How many of you reading this have made a friend on the internet, then travelled more than 500 miles to visit that person? That’s not real?
Then my family growing up wasn’t a real family! We traveled to Minnesota from Virginia for my brother to be a ring bearer in a 1st cousin once removed’s wedding. We went to Georgia to see a great aunt. We regularly traveled an hour or two to see (and often help out) cousins, aunts, uncles, grandparents, and so on.
How does this count, yet when I do the same thing to visit friends I’ve met through a computer, there is this idea that these friendships aren’t real friendships? And don’t get me started on the “blood is thicker than water” canard. I am lucky enough that I have blood relations that are indeed close and mutually supportive, but I have blood relations that aren’t, too. It’s about the same range as friendships I’ve made. It’s more to do with the people involved than the accidents of birth.
What? Face to face time?
I was comparing how often I saw people in person before I was connected to the Internet to now. You know what? I interact face to face in a non-business environment about as often as I did. In fact, I tend to see people socially a bit more now.
Why?
The Internet. It offers better opportunity for me to meet people that I actually have something in common with! Sure, I’m cool with helping shovel Mrs. Next Door’s driveway, or driving Senora Across the Street to the grocery store. But I’m unlikely to be talking politics, science or philosophy with ‘em[1]. So in my case, I have considerably more friends, both in simple quantity and in satisfaction levels, from being able to communicate across distance.

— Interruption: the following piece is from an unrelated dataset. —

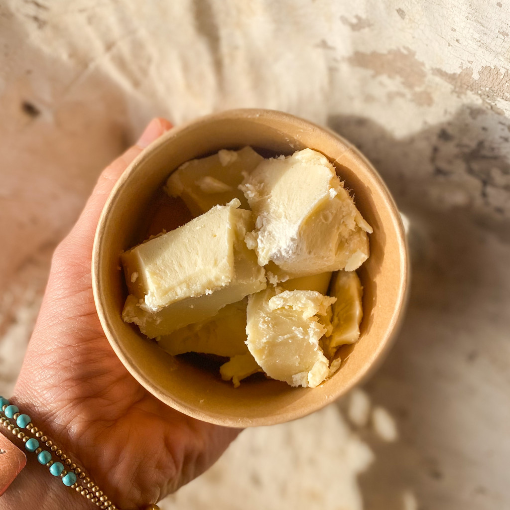 - Az ujjbegyeddel addig dörzsölsz, „masszírozol” egy shea darabot, amíg elegendő mennyiség nem marad az ujjadon. VAGY

I think people that say the Internet makes them socially isolated might be unskilled in their appropriate use of technology. We hear about people texting all through face to face social gatherings. Now, I spent the weekend with some friends of mine who are even geekier than I am. When we went out to dinner, we talked. Phones stayed in purses, and there was no texting going on. We… talked. Just like people did before the Internet.
[1] In Sra. Across the Street’s case, that’s mostly a language issue. Neither her English nor my Spanish is up to that.